Meyer Irmtraud M, Durbin Richard
Wellcome Trust Sanger Institute, Wellcome Trust Genome Campus, Hinxton, Cambridge CB10 1SA, UK.
Nucleic Acids Res. 2004 Feb 4;32(2):776-83. doi: 10.1093/nar/gkh211. Print 2004.
One of the primary tasks in deciphering the functional contents of a newly sequenced genome is the identification of its protein coding genes. Existing computational methods for gene prediction include ab initio methods which use the DNA sequence itself as the only source of information, comparative methods using multiple genomic sequences, and similarity based methods which employ the cDNA or protein sequences of related genes to aid the gene prediction. We present here an algorithm implemented in a computer program called Projector which combines comparative and similarity approaches. Projector employs similarity information at the genomic DNA level by directly using known genes annotated on one DNA sequence to predict the corresponding related genes on another DNA sequence. It therefore makes explicit use of the conservation of the exon-intron structure between two related genes in addition to the similarity of their encoded amino acid sequences. We evaluate the performance of Projector by comparing it with the program Genewise on a test set of 491 pairs of independently confirmed mouse and human genes. It is more accurate than Genewise for genes whose proteins are <80% identical, and is suitable for use in a combined gene prediction system where other methods identify well conserved and non-conserved genes, and pseudogenes.

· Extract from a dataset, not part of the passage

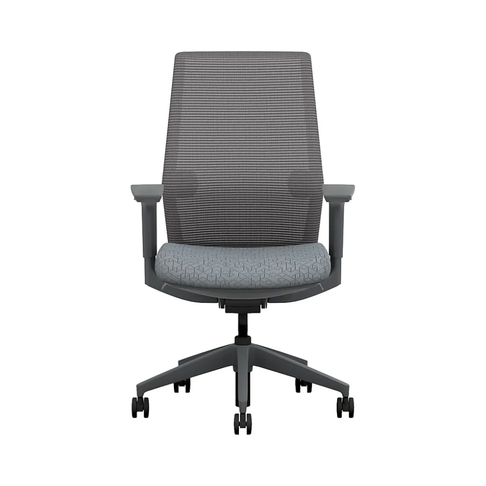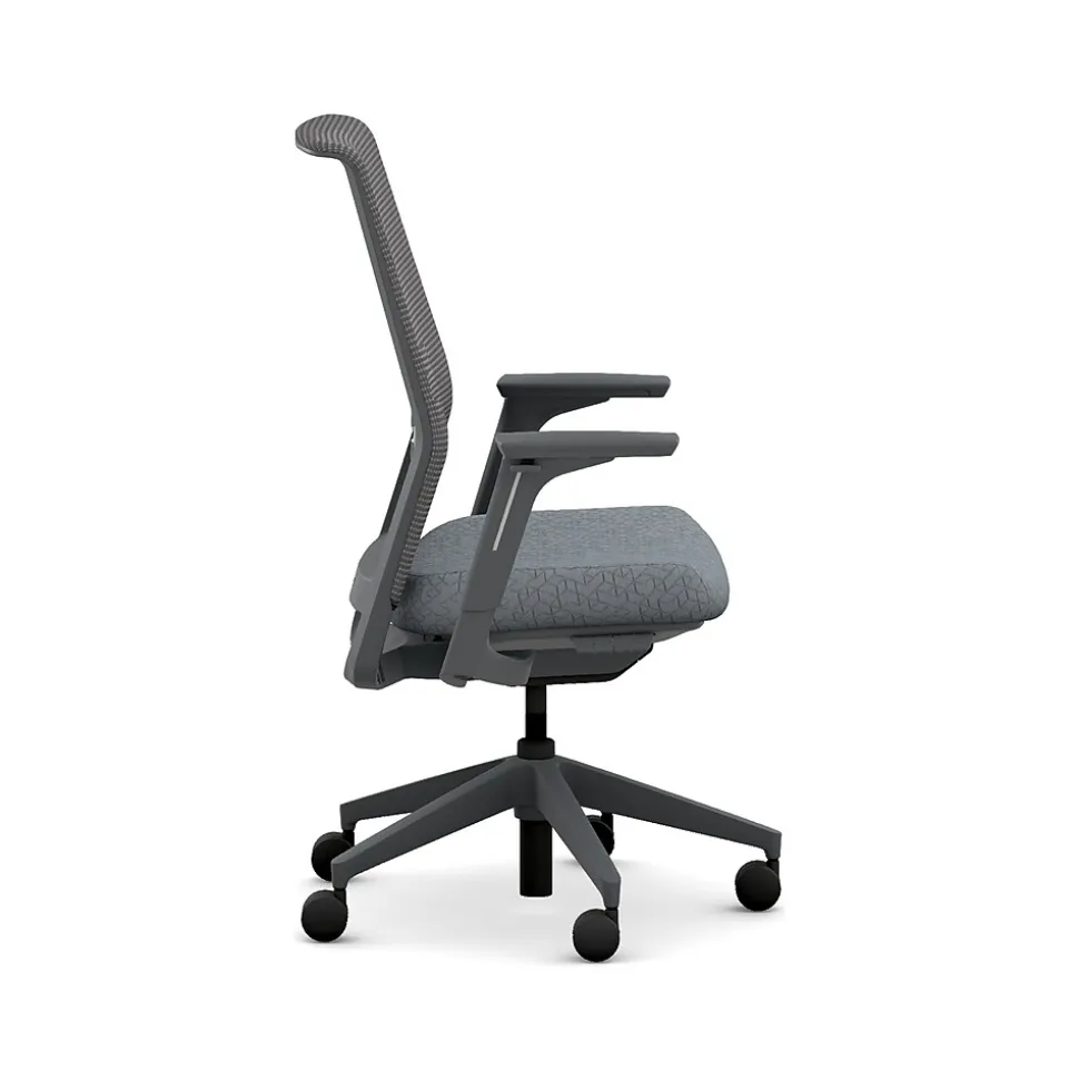 - Four-way stretch mesh back in charcoal gray, Apex basalt gray fabric seat, and charcoal gray frame

解读新测序基因组的功能内容的主要任务之一是识别其蛋白质编码基因。现有的基因预测计算方法包括:从头开始的方法,即仅将DNA序列本身作为信息来源;比较方法,使用多个基因组序列;以及基于相似性的方法,利用相关基因的cDNA或蛋白质序列辅助基因预测。我们在此展示一种在名为Projector的计算机程序中实现的算法,该算法结合了比较法和相似性方法。Projector通过直接利用注释在一个DNA序列上的已知基因来预测另一个DNA序列上的相应相关基因,从而在基因组DNA水平利用相似性信息。因此,除了编码氨基酸序列的相似性外,它还明确利用了两个相关基因之间外显子 - 内含子结构的保守性。我们通过在由491对经独立确认的小鼠和人类基因组成的测试集上,将Projector与Genewise程序进行比较,来评估Projector的性能。对于蛋白质相似度小于80%的基因,它比Genewise更准确,并且适用于组合基因预测系统,在该系统中其他方法可识别高度保守和非保守基因以及假基因。